Given an abelian group scheme of finite type $(G,+)$ over $\mathbb{F}$ connected, and given two connected closed subgroup schemes of finite type $G$ over $\mathbb{F}$ connected $H$, $N$ of $G$. ($\mathbb{F}$ is the algebraic closure of $\mathbb{F}_p$)
Supose we have $G=H+N$. Is the the following is true:
$G(R)=H(R)+N(R)$ For all ring $R$.
No, this is false. The issue is that one has a surjective map of group schemes
$$H\times N\to G$$
(given by multiplication) but if we denote by $\mu$ the kernel of this map (which is just $H\cap N$) we a priori only get an exact sequence
$$1\to \mu(R)\to H(R)\times N(R)\to G(R)\to H^1_\mathrm{fppf}(R,\mu)\to H^1_\text{fppf}(R,H\times N)\to H^1_\text{fppf}(R,G)\to\cdots$$
and thus there is no reason that the map
$$H(R)\times N(R)\to G(R)$$
is surjective.
Here's an example of this phenomenon. Consider
$G=\mathbb{G}_{m,\mathbb{F}}^n$.
$H$ the subgroup of $\mathbb{G}_{m,\mathbb{F}}^n$ whose $R$-points is given by
$$\{(x_1,\ldots,x_n)\in (R^\times)^n:x_1\cdots x_n=1\}$$
$N$ is the subgroup of $\mathbb{G}_{m,\mathbb{F}}^n$ whose $R$-points is given by
$$\{(x_1,\ldots,x_n)\in (R^\times)^n:x_1=\cdots=x_n\}$$
Then, the map
$$H\times N\to G$$
is evidently surjective since this can be checked on $\mathbb{F}$-points, for which the claim is clear.

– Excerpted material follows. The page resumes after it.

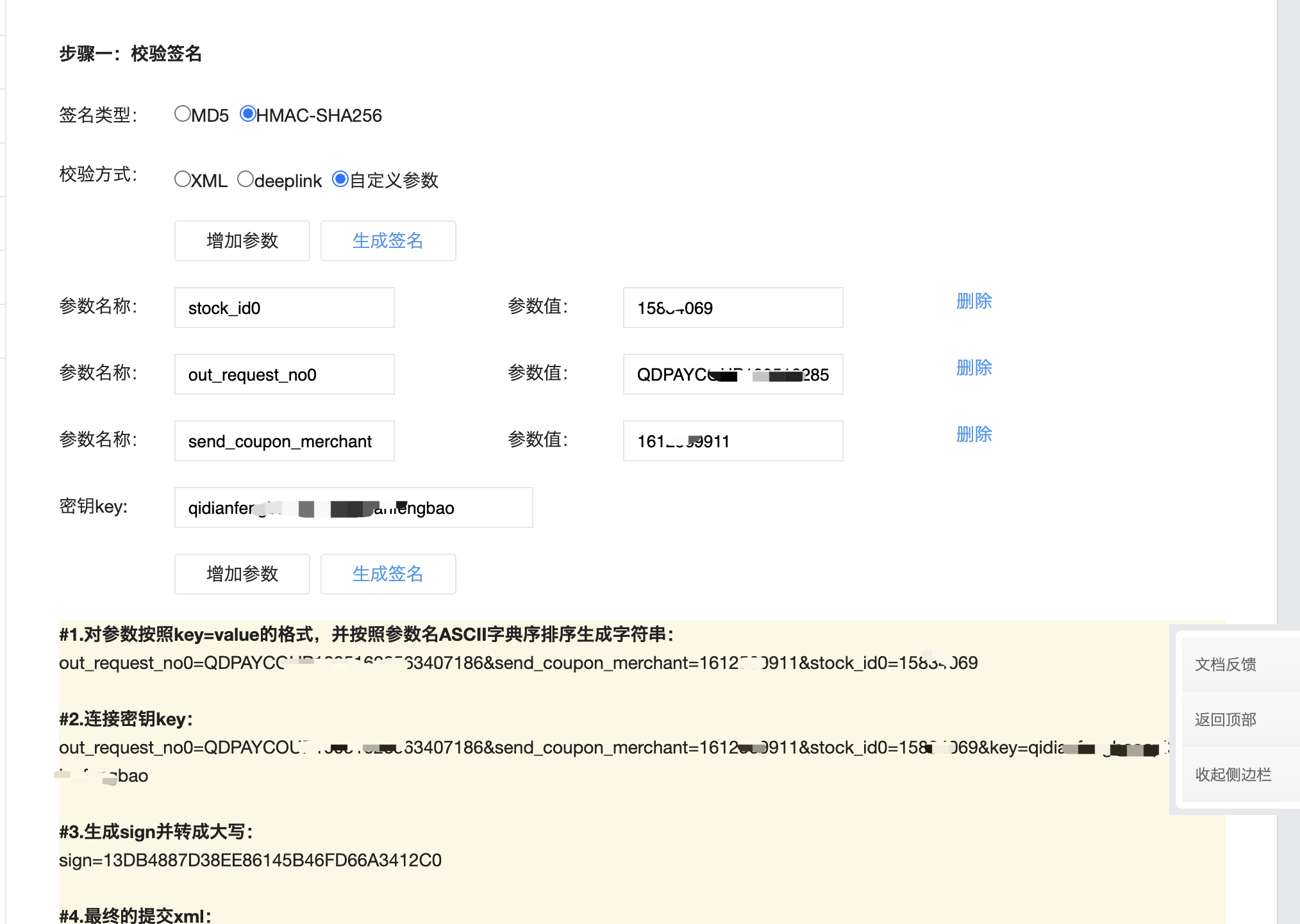 3、确认接口实际的请求参数与生成签名原串的参数一致,不能增加或缺少参数(可通过打印签名原串进行排查)

That said, note that the kernel of this multiplication map is $\mu_n$. Thus, we have an exact sequence
$$1\to\mu_n(R)\to H(R)\times N(R)\to G(R)\to H^1_\text{fppf}(R,\mu_n)\to H^1_\text{fppf}(R,N\times H)$$
But, let $R=L:=\mathbb{F}(x)$. Then, by Hilbert's theorem 90 we have that
$$H^1_\text{fppf}(L,N\times H)=H^1_\text{et}(L,N\times H)=0$$
and so we see that
$$H(L)\times N(L)\to G(L)$$
is surjective if and only if $H^1_\text{fppf}(L,\mu_n)=0$. But, assume that $p\nmid n$. Then,
$$H^1_\text{fppf}(L,\mu_n)=H^1_\text{et}(L,\mu_n)=L^\times/(L^\times)^n$$
which is evidently non-zero if $n>1$.